Iran is preparing to ramp up its own output once world powers remove sanctions on its economy, regardless of any decisions by the Organization of Petroleum Exporting Countries, Oil Minister Bijan Namdar Zanganeh told reporters Monday at an industry conference in Tehran.
“No one is happy” with prices at current levels, he said. “OPEC should decide to manage the market by reducing the level of production,” Zanganeh said. “It seems that the atmosphere is not well for making a change in the market.”
OPEC has exceeded its official production target for 16 consecutive months as the group seeks to defend sales amid a global supply glut. Brent crude, a global benchmark, has slumped 43 percent in the last 12 months and was at $48.53 a barrel in London on Tuesday at 9:42 a.m. local time.
OPEC, supplier of about 40 percent of the world’s oil, plans to assess output when ministers from its 12 members meet on December 4 in Vienna.
Iran is pushing to regain the global oil sales it lost after the U.S. and other world powers imposed sanctions over its nuclear program. The country agreed in July to accept limits on its nuclear work in return for access to oil and financial markets.
The Islamic Republic is seeking $100 billion in investment by March 2021 to increase output of oil and natural gas, Zanganeh said. In addition, it hopes to attract about $28 billion in investment in electricity projects and renewable energy, Minister of Energy Hamid Chitchian told reporters on Tuesday, without specifying a target date.
The country hopes to stimulate interest by announcing a new contract for oil investors in November. Iran has the world’s fourth-largest reserves of oil and second-largest deposits of gas, according to the US Energy Information Administration.
“We won’t seek permission from anyone for our production,” Zanganeh said. “We will bring our production back to the market, and the market will absorb it.
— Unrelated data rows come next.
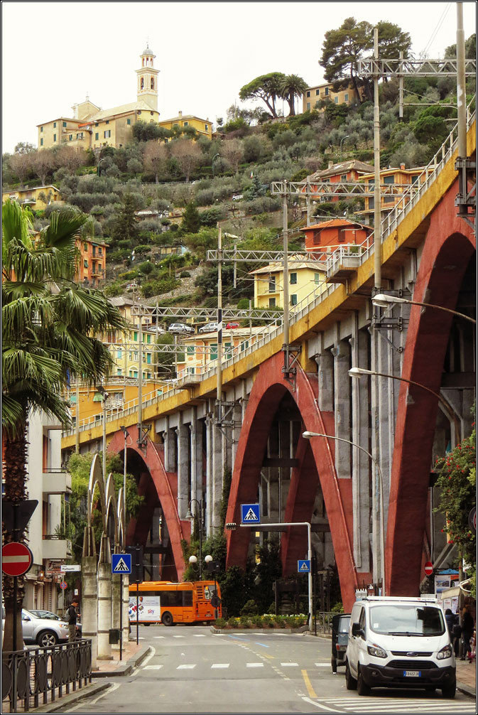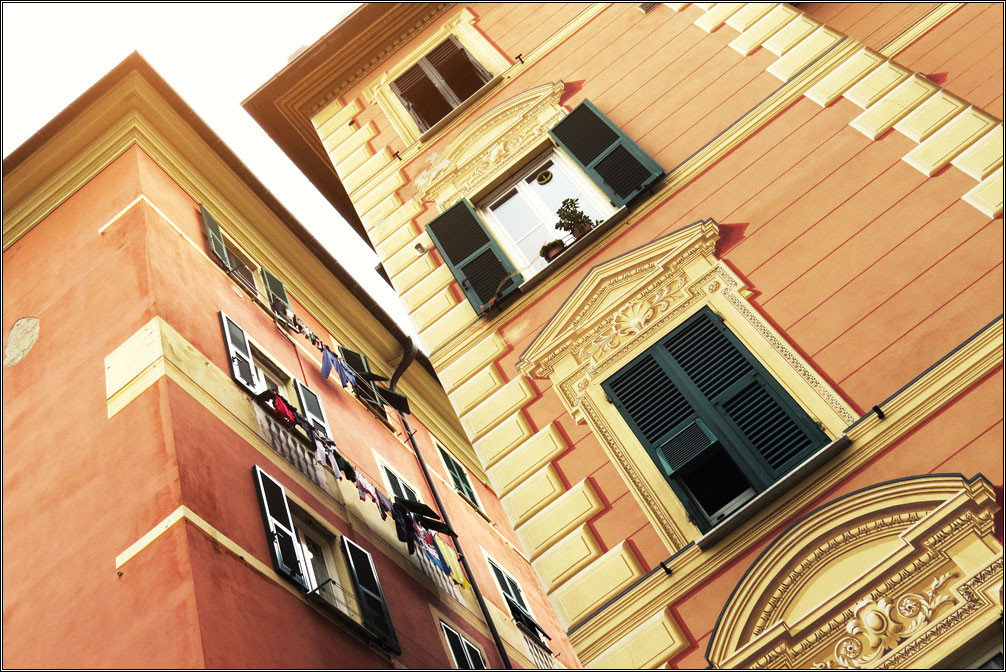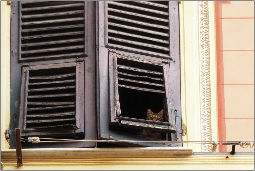 В Северной Италии очень популярна настенная роспись. Но не граффити или фрески, а такой, беспардонный обман зрения для туристов. Идешь по улице, видишь впереди красивый каменный дом, с колоннами, барельефами, арками и фигурной штукатуркой. Подходишь поближе — ага! — фиг вам, это все просто нарисовано поверх обычной крашеной стены.
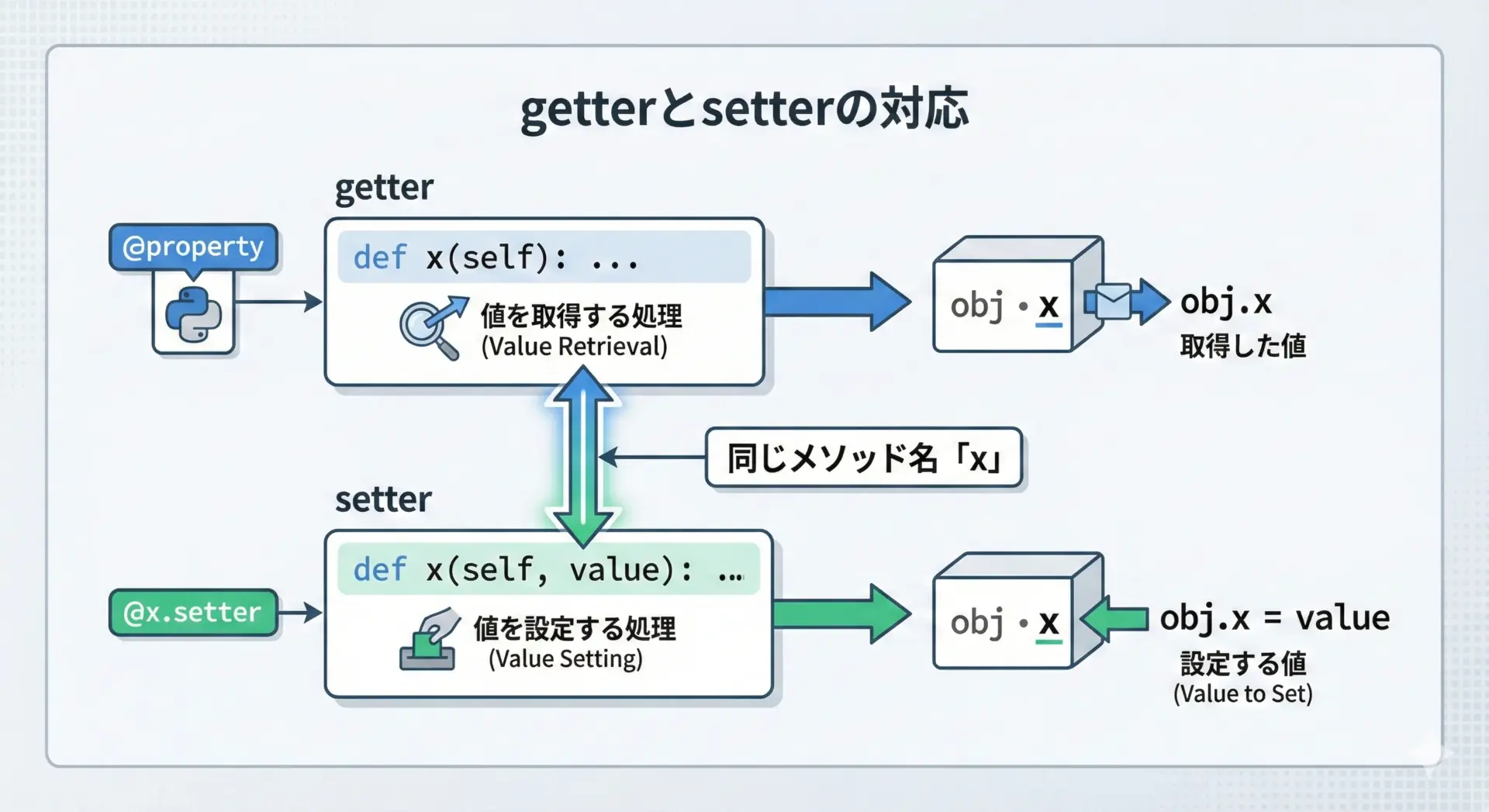 | Python + property | obj.x | obj.x = v | 見た目は属性、裏で関数ロジックが動きます |
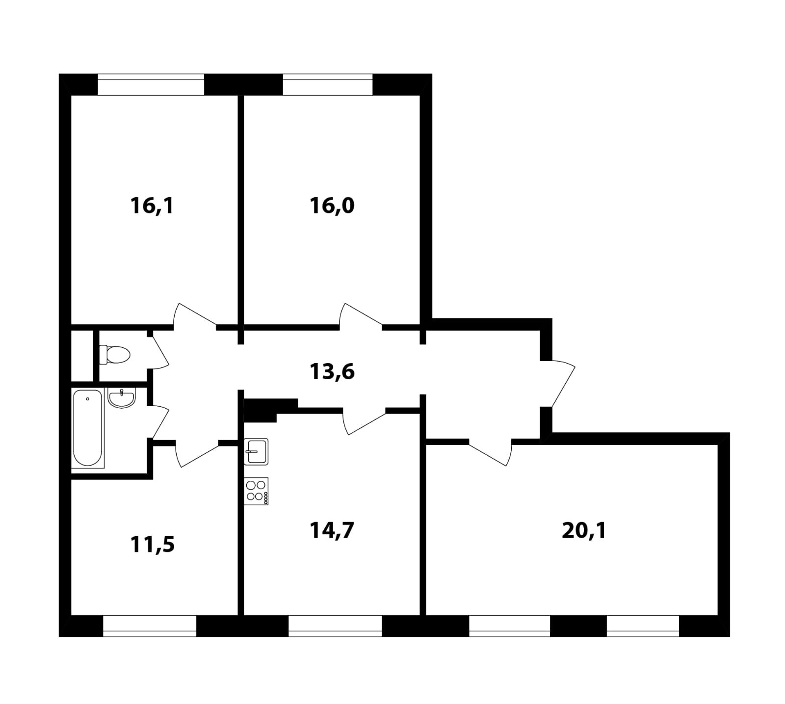 Квартира светлая и очень тёплая. Окна выходят на две стороны. Общая площадь 95,6 кв.м. Комнаты изолированы и правильной формы (20,1 кв.м+16,1 кв.м+16 кв.м+11,5 кв.м.)
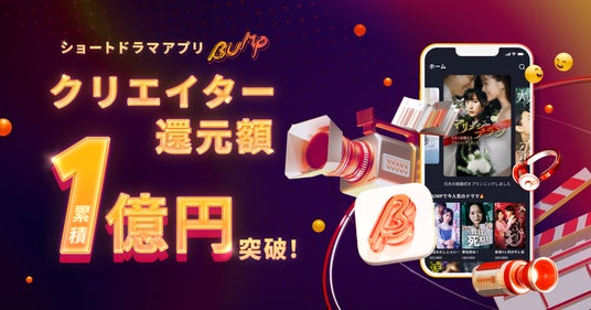従量課金型ショートドラマアプリ「BUMP」(開発・提供:emole株式会社、本社:東京都目黒区、代表取締役:澤村直道)は、2022年12月末のサービス開始から約2年間(~2024年12月末)で、ショートドラマ作品のコンテンツプロバイダー・クリエイターへの還元金額が、累計1億円を突破したことをお知らせいたします。
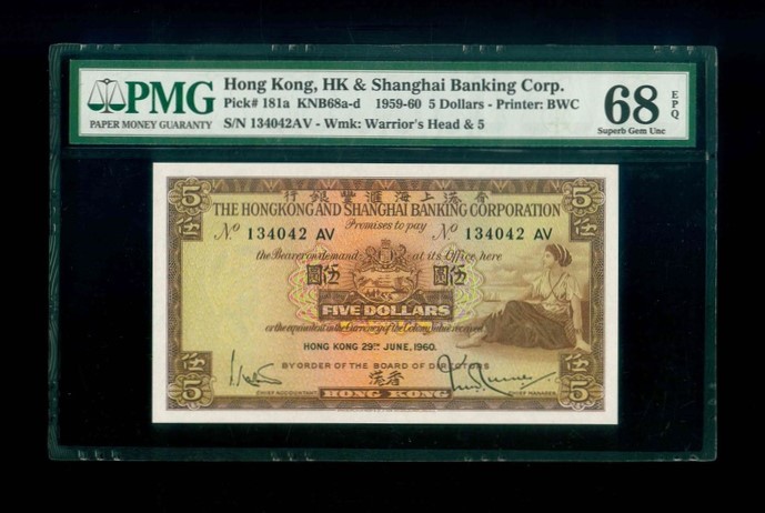 1960 香港上海滙豐銀行 $5 PMG 68 EPQ 編號:134042 AV(頂級雪白)
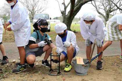 かまどの火起こし担当の子どもたちは、「薪割り」から取り組みました。割り箸2本分ほどの大きさになるように、薪割り器を活用して一生懸命活動しました。昨日のキャンプファイヤーの中央にある櫓を小さくして、かまどの中には、「ミニ櫓」をつくるイメージで準備をしました。マッチの擦り方も、擦る方向やマッチの角度などに気を配りながら安全にできるように心がけていました。火をつけてからどんどん燃やしていくことに難しさを感じている児童もなかなか多かったようです。火がついても、どうしても弱まってしまうところをなんとかつなぎ、大きくしていく…しかし、どの班も頑張って活動しました。この下準備ができれば、ご飯担当とカレー作り担当に良い状態で料理のバトンをつなげます!
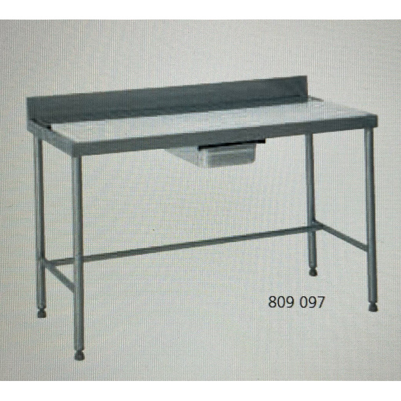 Table de dessouvidage dimensions 1500 x 700 x 900 mm - construction soudée inox - bords anti-ruissellement - dosseret porte-couteaux hauteur 100 mm - plaque de découpe polyéthylène 1435 x 400 mm et tôle perforée inox 1435 x 245 mm - fond pointe de diamant avec évacuation - bac inox de récupération des exsudats sur glissières - piétement tube inox diam.45mm avec vérins sans filetage apparent (fiche technique n° 10.149.0)

All of those OPEC members whom I speak with welcome this.”
The comparatively low cost of producing oil in Iran enhances its appeal, OMV AG Chief Executive Officer Rainer Seele said at the conference. OMV is interested in developing two areas — the Mehr block and the Cheshmeh Khosh field — if investment contract terms are flexible, he said.
“You can find very low-cost fields here, and therefore I think it’s very competitive production that’s coming on stream here in Iran,” Seele said.
OPEC members that boosted sales to Iran’s customers after sanctions hobbled its exports must make room for the planned increase in Iranian supply, Amir Hossein Zamaninia, deputy minister for commerce and international affairs, said in an interview at the Tehran event. Saudi Arabia, “more than anybody else,” should take the lead in trimming output, he said. “Hopefully something will be done and allow for Iranian extra supply.”
Iran can boost oil exports by 500,000 barrels a day within a week after the removal of sanctions, Roknoddin Javadi, managing director of state-run National Iranian Oil Co., told reporters. The Persian Gulf nation can raise exports by 1 million barrels a day within six months once the curbs are lifted, he said.
It targets crude production of 4.7 million barrels a day by March 2021 and plans to produce 1 million barrels a day of crude condensates by the same date, Javadi said. The country pumped 2.8 million barrels a day of oil in September, according to data compiled by Bloomberg.
Iran also expects to complete its first terminal for exporting liquefied natural gas, known as LNG, within three years after sanctions are lifted, NIOC’s Javadi said. Gas producers can supply LNG by ship to customers beyond the reach of pipelines.